> **TO DO**
Exactly as written and without the pictures, output the entries below.

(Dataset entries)
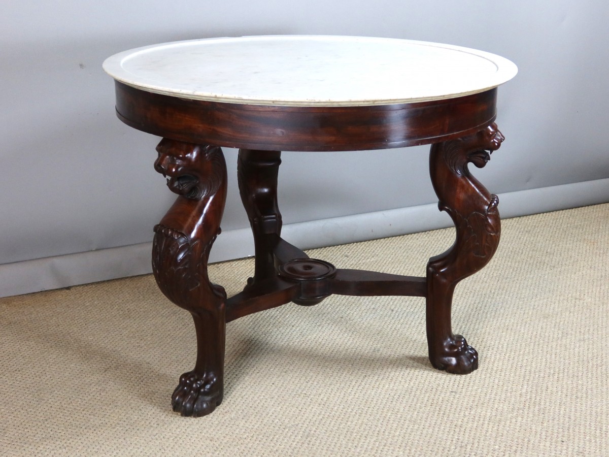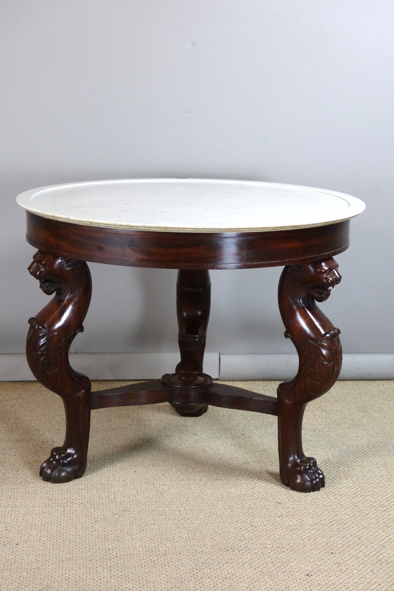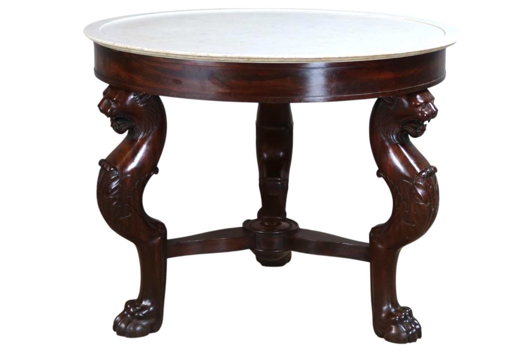 Retrouver le mobilier ou les objets d''art similaires à « Guéridon époque Empire en acajou aux têtes de lions » présenté par Philippe Cote Antiquités, antiquaire à Chauffailles dans la catégorie Table & Guéridon Empire, Mobilier.
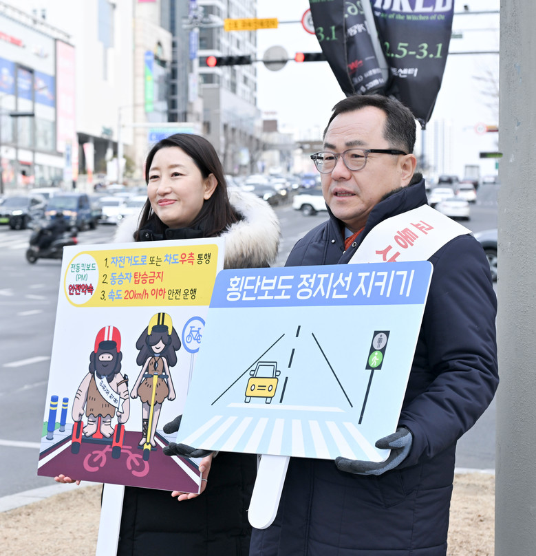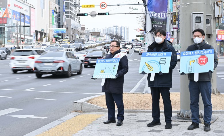 캠페인 현장에서는 교통안전 홍보물과 피켓을 활용해 시민 눈높이에 맞춘 교통안전 수칙 홍보가 이뤄졌다.
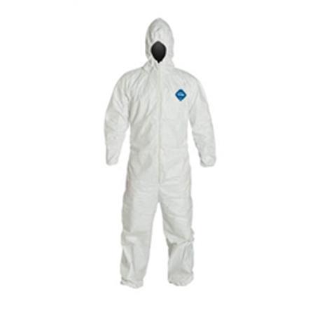Tyvek 400 garments are composed of flash spun high density polyethylene which creates a unique, nonwoven material available only from DuPont. Tyvek 400 provides an ideal balance of protection, durability and comfort of any limited use fabric technology. Tyvek 400 fabric offers an inherent barrier against particles (down to 1.0 micron in size). Protection is built into the fabric itself; there are no films or laminates to abrade or wear away. Tyvek 400 fabric's durability advantage over microporous film fabrics delivers consistently better barrier, even after wear and abrasion. Applications include: lead and asbestos abatement/remediation, general maintenance/operations, spray painting, general clean-up. Comfort fit design based on extensive wearer input to provide the most comfortable garment design that: enables a greater range of movement while stretching and bending, provides a more tailored fit, offers reinforcement in high stress areas for fewer blowouts, utilizes a longer zipper for easier donning and doffing and an elastic waist to better position the garment.
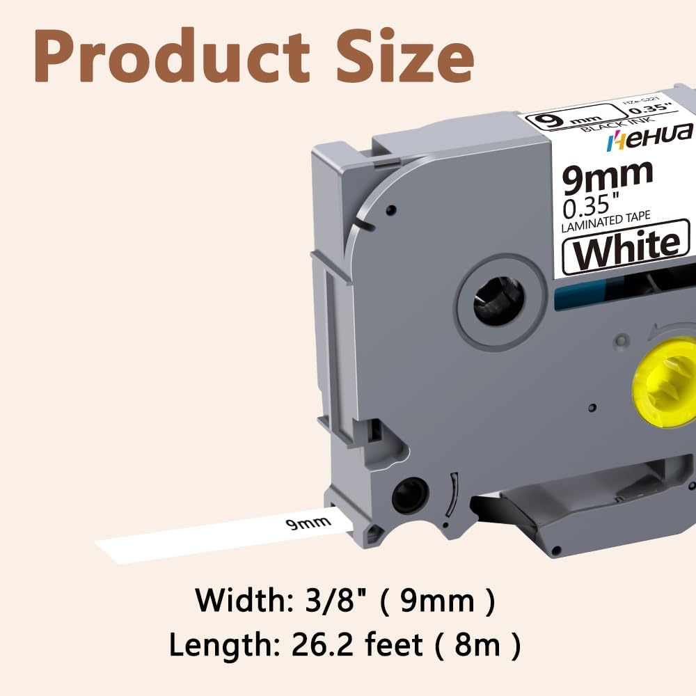 Hehua 9mm 0.35 Extra Strength Adhesive Laminated White Tape Compatible for Brother TZe-S221 TZeS221 TZ-S221 TZS221 for Ptouch PT D210 D200 H110 H100, 3/8'' x 26.2ft Black on White, 4 Pack
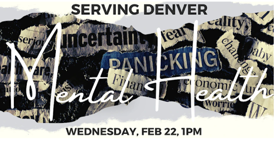 Per the Eventbrite post, the Serving Denver Mental Health event is scheduled for Wednesday, Feb. 22, from 1 p.m. to 2:30 p.m.
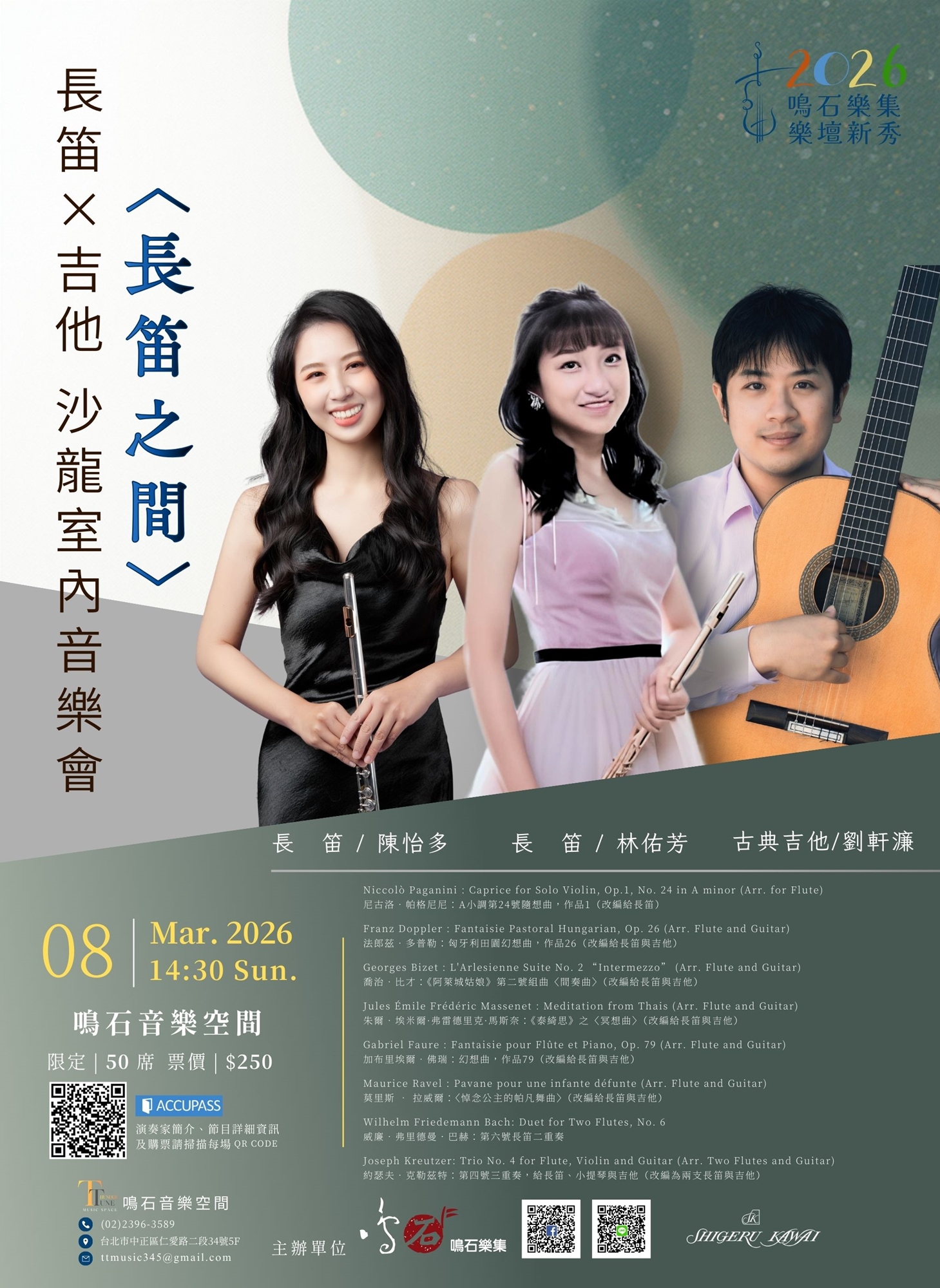 長笛×吉他 沙龍室內音樂會精選多首古典與浪漫時期經典作品的改編版本,透過長笛與吉他的組合,展現不同於鋼琴,更通透、織體輕盈的室內樂魅力。

> **SOLUTION**
 Retrouver le mobilier ou les objets d''art similaires à « Guéridon époque Empire en acajou aux têtes de lions » présenté par Philippe Cote Antiquités, antiquaire à Chauffailles dans la catégorie Table & Guéridon Empire, Mobilier.
 캠페인 현장에서는 교통안전 홍보물과 피켓을 활용해 시민 눈높이에 맞춘 교통안전 수칙 홍보가 이뤄졌다.
Tyvek 400 garments are composed of flash spun high density polyethylene which creates a unique, nonwoven material available only from DuPont. Tyvek 400 provides an ideal balance of protection, durability and comfort of any limited use fabric technology. Tyvek 400 fabric offers an inherent barrier against particles (down to 1.0 micron in size). Protection is built into the fabric itself; there are no films or laminates to abrade or wear away. Tyvek 400 fabric's durability advantage over microporous film fabrics delivers consistently better barrier, even after wear and abrasion. Applications include: lead and asbestos abatement/remediation, general maintenance/operations, spray painting, general clean-up. Comfort fit design based on extensive wearer input to provide the most comfortable garment design that: enables a greater range of movement while stretching and bending, provides a more tailored fit, offers reinforcement in high stress areas for fewer blowouts, utilizes a longer zipper for easier donning and doffing and an elastic waist to better position the garment.
 Hehua 9mm 0.35 Extra Strength Adhesive Laminated White Tape Compatible for Brother TZe-S221 TZeS221 TZ-S221 TZS221 for Ptouch PT D210 D200 H110 H100, 3/8'' x 26.2ft Black on White, 4 Pack
 Per the Eventbrite post, the Serving Denver Mental Health event is scheduled for Wednesday, Feb. 22, from 1 p.m. to 2:30 p.m.
 長笛×吉他 沙龍室內音樂會精選多首古典與浪漫時期經典作品的改編版本,透過長笛與吉他的組合,展現不同於鋼琴,更通透、織體輕盈的室內樂魅力。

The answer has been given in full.